DYSFUNCTIONAL BY CHOICE (DYSBY)
Travelling In Travel

Etichetta: Drakkar Records
Anno: 2008
Durata: 37 min
Genere: alternative metal


Dunque, parliamo dei Dysfunctional By Choice. O, in forma più breve, DysBy. Non è stato così immediato trovare notizie su questo gruppo francese, ma navigando su internet e accumulando le notizie trovate qua e là, mi è stato possibile tracciare un quadro abbastanza esauriente della carriera del gruppo fino ad oggi.
I Dysfunctional By Choice, provenienti dall'area parigina della Francia, si sono formati nel 1996. Nel 1998, la band ha pubblicato un MCD omonimo, che gli ha fruttato una certa notorietà nella propria regione, e gli ha aperto le porte di molti concerti.
A breve distanza dall'esordio, i Dysby sono tornati sulle scene con "Beta", un lavoro di quattro tracce. Alle influenze dichiarate degli esordi (Nirvana, Rage Against The Machine, Tool, Helmet), se ne sono aggiunte di nuove (NIN, At The Drive in): la nuova direzione artistica ha portato quindi il gruppo alla creazione di una trilogia, i cui capitoli successivi sono stati intitolati "Gamma" e "Delta".
"Travelling In Travel" è l'esordio su full-length dei nostri. La copia promozionale che mi è arrivata dalla Drakkar è priva di artwork, ed è corredata dalla solita "biografia" (lo scrivo tra virgolette, perchè di note biografiche ce ne sono davvero poche) altisonante. Non posso quindi descrivere l'artwork del CD, sebbene su internet abbia trovato l'immagine di un, come dire, vortice grigio che pare risucchiare un uomo in caduta. Una copertina distante anni luce da quelle classiche dell'universo metal, e infatti i Dysfunctional By Choice sono anch'essi lontanissimi dal metal classico. Anzi, la stessa parola "metal" è restrittiva nei confronti del gruppo, più legato al mondo dell'alternative e comunque indipendente in ogni sua scelta musicale.
Prima di cominciare la recensione vera e propria, ci tengo a segnalare la formazione della band: Julien Chaillou (voce), Vincent Bertellin e Julien Hekking (chitarre), Fabien Carouge (basso) e Francis Caste (batteria).
"Fog" è una breve introduzione elettronica, dai suoni slabbrati e ruvidi, che come stato d'animo e melodia suggerita spiana la strada a "Alert", dal riff d'apertura sludge/stoner. E questa matrice permea tutta la strofa, pesantissima ed interpretata da Julien con voce ruvida.
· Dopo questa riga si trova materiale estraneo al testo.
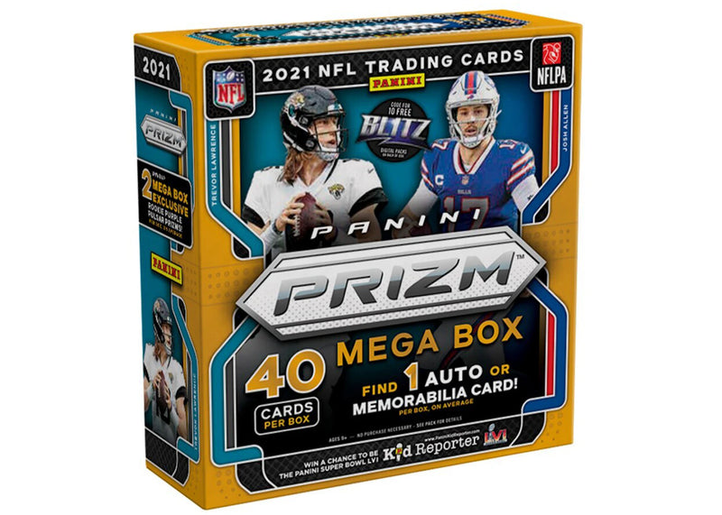 The 2021 Panini Prizm Football Fanatics Mega Box (Purple Pulsars) is a mega box of exclusive sports trading cards featuring players from the American NFL 2021 season.

Il ritornello ha un apertura melodica di stampo grunge, che rimane subito in testa, ma la canzone non sembra aver intenzione di ammorbidirsi. Anzi, il suono tende ad essere sempre più rabbioso, con un assolo hard caldo ed avvolgente. Davvero una buona traccia d'apertura.
"Travelling In Travel (Out Of Trap)" cambia completamente le carte in tavola, buttandosi a capofitto in un metalcore melodico e trasverasale. E con metalcore, intendo un misto di metal e hardcore, fortemente influenzato anche dal punk melodico e collegiale. Il tutto però rivisto sotto un'ottica eclettica, che non si nega coloriture rock. Da notare anche la capacità di passare da sonorità superpotenti, ad altre più agili e mainstream. La canzone non è totalmente lineare, però ha un ritmo che non presenta chissà quali difficoltà. Qualche elemento elettronico rende la proposta ancora più gustosa, prima di una nuova apertura carica di groove e dalla pesantezza distruttrice. E' consigliabile che l'ascoltatore dedichi a queste canzoni più ascolti, perchè gli arrangiamenti sono di una bellezza incredibile. Bisogna comprenderli per bene, per apprezzarli al meglio. Una coda ambient scivola nel brano successivo, intitolato "Optimum". Un breve intermezzo utile a dare atmosfera.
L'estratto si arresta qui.